1975–76 Southern Africa Tour season
- Duration: 26 November 1975 – 15 February 1976
- Number of official events: 9
- Most wins: Dale Hayes (3) Allan Henning (3)
- Order of Merit: Allan Henning

= 1975–76 Southern Africa Tour =

Golf tour season

The 1975–76 Southern Africa Tour was the fifth season of the Southern Africa Tour, the main professional golf tour in South Africa since it was formed in 1971.

==Season outline==
The season was dominated by Dale Hayes and Allan Henning who won the majority of the events. Hayes started the season well, winning the first two events. However, Henning won the Datsun International and the NCR Western Province Open to close in on the Order of Merit race. Hayes won the flagship event, the BP South African Open, but Henning won the season's final event; the Rhodesian Dunlop Masters, to capture the Order of Merit honors.

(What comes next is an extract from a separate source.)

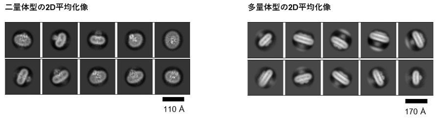 図2. SARS-CoV-2 Mタンパク質のクライオ電子顕微鏡2D平均化像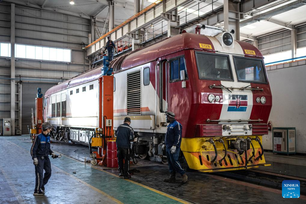 Maintenance workers check the engine of a locomotive in the repair workshop of the Mombasa-Nairobi Railway in Nairobi, Kenya, Jan. 23, 2025. Launched in May 2017, the Mombasa-Nairobi Railway, spanning approximately 480 km, connects the large Indian Ocean city of Mombasa with Nairobi, the country's capital and largest city. It is Kenya's first modern railway since independence and is hailed as a flagship project under the Belt and Road cooperation between China and Kenya.

The first tournament of the season was the Beck's PGA Championship at Wanderers Golf Club. Hayes shot a 62 (−8) in the third round which placed him in good position in the tournament. He described it as his best round ever. The round broke the course recorded by three shots. Hayes followed it up with a three-under-par 67 to defeat Henning, the solo runner-up, by six shots. Hayes won the following event, the Holiday Inns Open, as well, defeating John Fourie in a playoff.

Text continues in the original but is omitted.